Бои шли уже под Лугой, но Елена Александровна все еще никак не могла свыкнуться с мыслью, что немцы заняли более дальний Псков. «Они снова на Великой…» — время от времени растерянно твердила она, ни к кому не обращаясь. «Снова…» — мысленно повторял он за ней и переносился воспоминаниями в Псков восемнадцатого года. В те дни, как назло, установилась ненастная погода, ветер выгибал куст сирени под окном той маленькой комнаты и время от времени сильно хлестал им по стеклу. Место кресла-качалки заняла кроватка-люлька, в которой спала годовалая Инночка. За окном проходили кайзеровские солдаты. У них были вымученные улыбки. Кажется, они хотели домой и им не было никакого дела до студентика, пробравшегося в оккупированную зону из Петрограда. Какой еще студентик? Кто его видел? А Фабрициус увидел. Поймал молодца на обратном пути в Петроград. Фабрициус не спешил домой. А может, у него не было дома. Он тачал революцию и порядок. И довоевывал войну. Довоевывал с навязчивой мыслью, что если эта кончится, то начнется какая-нибудь другая. У него были разлетающиеся в стороны усы Буденного, бородка клинышком Дзержинского и прицельный взгляд латышского стрелка. Едва ли он прислушивался к объяснениям того интеллигентика, что он вовсе не шпион и линию фронта перешел только чтобы повидать в захваченном Пскове жену и дочь. Там горячился другой, тот, что сидел рядом с Фабрициусом, дерганый: «Что они делают во Пскове?» — «Жена навещает родителей». — «Почему вы не поехали с ними?» — «Я тоже навещал родных в Ярославле». — «Ах, в Ярославле!» — радостно. И Фабрициусу громко: «Оттуда сейчас много этой сволочи бежит, те, которых после мятежа не добили…» И только когда студентик не выдержал — красными пятнами покрылся и по столу кулаком ударил: «Абсурд!», а потом как-то сник, обессиленно опустил руки, тогда только дернулась бородка клинышком: ишь ты, и правда, бабья заноза в нем застряла… на вид типчик чуждый, а дочке вот годик… И сквозь зубы выплюнул он: «Отпустить, не до этого сейчас…»
«В комнате Леночки…»
Он усмехнулся: если и есть что-то совсем уж случайное, незатейливое и безыскусное, что сочинил он на своем веку, так именно этот юношеский экспромт. Почему он вспомнился?
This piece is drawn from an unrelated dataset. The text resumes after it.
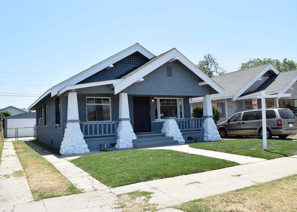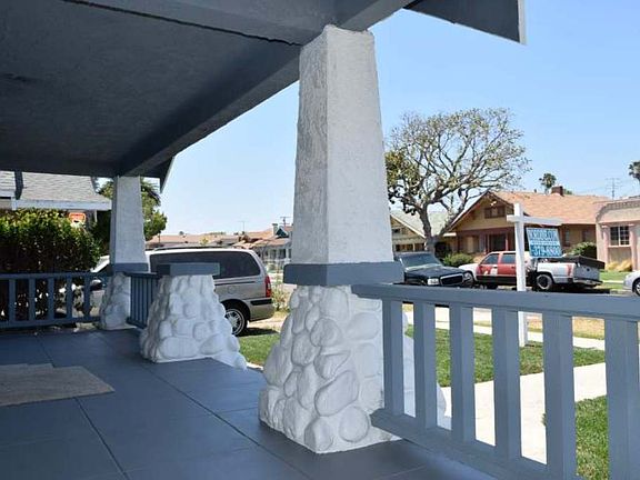 Bank owned. Beautiful classic Craftsman w/high pitched roof on quiet residential street west of Vermont. FHA/VA OK, seller will pay fees. New roof, kitchen w/all stainless appliances, bath, fixtures, spot lighting, paint in and out, floors, carpet, SOD, sprinklers, landscape, etc. Huge covered front porch, faux fireplace, formal dining room w/original built-ins, + separate breakfast area, and large laundry room. Long private driveway, 2 car garage, big private sunny south facing yard w/built-in brick BBQ, 40 x 122 street to alley lot. 2 blocks to 52nd St. Elementary, 4 blocks to Vermont Square Park and Library. 73 walk score (very walkable). 2-3 minutes south of USC and Coliseum, 5 minutes to downtown. Zillow predicts 7% appreciation for area next year. We already have termite report, seller will get the work done as soon as we open escrow.

Он все еще продолжал смотреть в окно, когда за спиной раздалось надрывное завывание… Выключенное им радио, звонок в дверь? Нет — звонил телефон.
Потребовалось некоторое время, чтобы добраться до висящего в коридоре аппарата, и все стихло. Он собрался уже вернуться на кухню, как телефон зазвонил во второй раз. «Ответьте абоненту!» — нетерпеливо проговорила барышня. «Ты? — голос Елены Александровны перебивался посторонним треском, — а Инна еще не пришла? Почему я тебя не слышу? Везде творится ужас! Билеты… Снова трещит. Не тряси трубкой, там шнур не в порядке…» — «Леночка… я тебе как абонент абоненту», — заговорил он было шутливо, но тут же перебил сам себя и начал негромко декламировать:
Die Liebe, die dahinten blieb,
Sie ruft dich sanft zurück[2].
«Подлец! — снова прорвался голос Елены Александровны. — Этот Кузьма Аркадьевич — настоящий подлец, я была права. Он пихает своих и чужих со стороны за деньги… Я давно тебе говорила, чтобы ты позвонил начальству, в Москву, в Союз, в ЦК…» — «Ты помнишь: лодка на Великой пахла тиной, а в Корытове мальчишки на наших глазах выловили огромную щуку?..» — «Невыносимо!..» — «O kommzurück…» — «Что?» Он повесил трубку и тогда уже закончил строфу:
O kommzurück, ichhab’ dichlieb,
Du bist mein einz’ges Glück![3]
Прошло какое-то время, пока он осознал, что так и стоит в забытьи перед телефонным аппаратом. Обои рядом с ним неровно соединялись швами, и розовый лепесток рисунка имел смещенные, не сходящиеся половинки. «Есть в этом доме что-нибудь, что еще в порядке? — прокричал он и сдернул трубку аппарата. — Шнур перетерся? Всего лишь… Повезло тебе, брат…» — «Тридцать седьмая, — раздалось в ответ. — С кем вы на проводе, абонент?» — «С Гейне, — он бросил трубку на рычаг и помотал неизвестно кому головой. — Но вы ошибаетесь, уважаемые, Гейне не был унылым страдальцем… Он был ироничен и зорок… В нем было много от перелетной птицы… И он ненавидел добродушие».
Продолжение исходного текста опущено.